# Data:
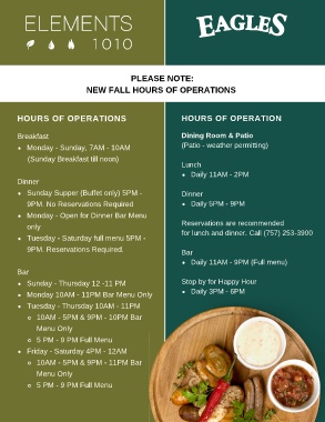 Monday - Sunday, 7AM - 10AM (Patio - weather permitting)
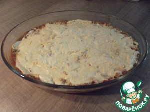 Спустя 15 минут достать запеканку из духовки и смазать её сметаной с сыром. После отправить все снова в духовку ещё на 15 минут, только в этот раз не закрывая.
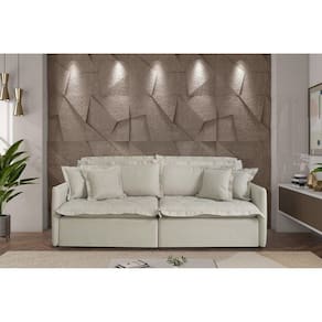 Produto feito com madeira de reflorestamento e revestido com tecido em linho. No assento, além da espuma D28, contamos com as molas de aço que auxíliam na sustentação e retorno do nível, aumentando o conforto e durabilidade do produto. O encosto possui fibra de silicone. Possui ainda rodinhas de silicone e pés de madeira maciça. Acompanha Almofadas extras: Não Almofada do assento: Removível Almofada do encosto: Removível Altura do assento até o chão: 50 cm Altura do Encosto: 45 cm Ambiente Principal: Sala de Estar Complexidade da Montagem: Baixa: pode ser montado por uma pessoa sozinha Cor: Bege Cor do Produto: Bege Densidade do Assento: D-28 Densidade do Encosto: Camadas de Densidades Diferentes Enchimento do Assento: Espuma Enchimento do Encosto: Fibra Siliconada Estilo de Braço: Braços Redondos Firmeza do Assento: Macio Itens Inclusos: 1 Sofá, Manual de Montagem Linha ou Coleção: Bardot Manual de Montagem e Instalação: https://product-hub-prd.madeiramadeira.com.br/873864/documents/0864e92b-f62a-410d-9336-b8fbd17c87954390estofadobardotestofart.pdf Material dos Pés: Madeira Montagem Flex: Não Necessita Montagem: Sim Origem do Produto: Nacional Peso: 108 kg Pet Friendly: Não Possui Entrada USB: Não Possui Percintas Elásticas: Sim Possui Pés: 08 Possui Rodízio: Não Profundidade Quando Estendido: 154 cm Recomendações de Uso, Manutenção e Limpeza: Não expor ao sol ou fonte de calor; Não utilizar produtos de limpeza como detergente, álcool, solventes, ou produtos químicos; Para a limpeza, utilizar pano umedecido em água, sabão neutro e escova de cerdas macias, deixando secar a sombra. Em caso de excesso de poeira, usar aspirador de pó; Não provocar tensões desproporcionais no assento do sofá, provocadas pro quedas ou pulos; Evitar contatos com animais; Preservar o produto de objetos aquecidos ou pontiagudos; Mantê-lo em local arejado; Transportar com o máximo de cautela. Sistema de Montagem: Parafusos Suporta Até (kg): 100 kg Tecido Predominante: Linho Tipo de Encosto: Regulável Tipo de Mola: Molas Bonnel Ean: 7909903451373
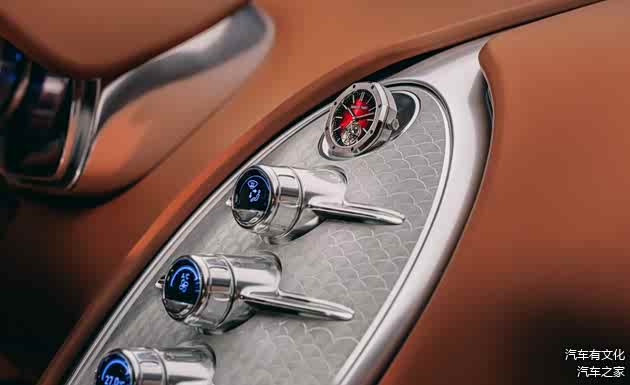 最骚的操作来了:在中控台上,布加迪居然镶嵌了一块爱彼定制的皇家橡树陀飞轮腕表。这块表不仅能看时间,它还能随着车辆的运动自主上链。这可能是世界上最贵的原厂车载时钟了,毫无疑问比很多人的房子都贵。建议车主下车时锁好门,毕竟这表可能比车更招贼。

--

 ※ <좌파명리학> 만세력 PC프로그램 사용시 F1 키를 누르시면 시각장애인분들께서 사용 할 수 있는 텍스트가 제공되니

...

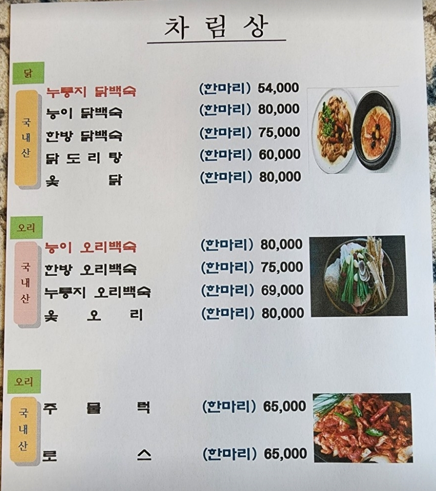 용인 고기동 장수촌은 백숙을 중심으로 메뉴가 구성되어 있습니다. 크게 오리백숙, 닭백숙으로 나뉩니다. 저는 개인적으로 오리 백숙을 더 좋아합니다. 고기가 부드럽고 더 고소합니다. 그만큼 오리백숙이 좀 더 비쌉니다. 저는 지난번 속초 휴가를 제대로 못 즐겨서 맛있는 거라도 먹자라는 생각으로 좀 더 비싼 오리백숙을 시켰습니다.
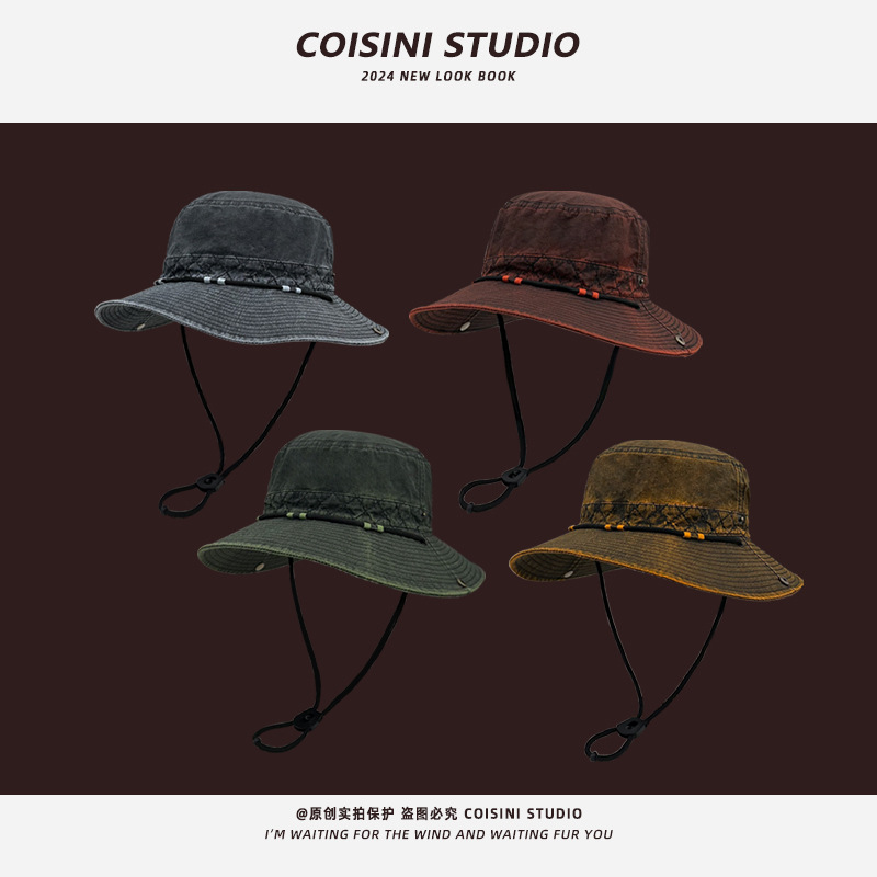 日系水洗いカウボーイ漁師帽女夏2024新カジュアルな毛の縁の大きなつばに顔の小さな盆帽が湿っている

# Task instructions:
From the records above, copy exactly the lines starting at the one with "Monday - Sunday, 7AM" and ending at the one with "Спустя 15 минут", and no others. Pictures stay out.

# Answer to this exercise:
 Monday - Sunday, 7AM - 10AM (Patio - weather permitting)
 Спустя 15 минут достать запеканку из духовки и смазать её сметаной с сыром. После отправить все снова в духовку ещё на 15 минут, только в этот раз не закрывая.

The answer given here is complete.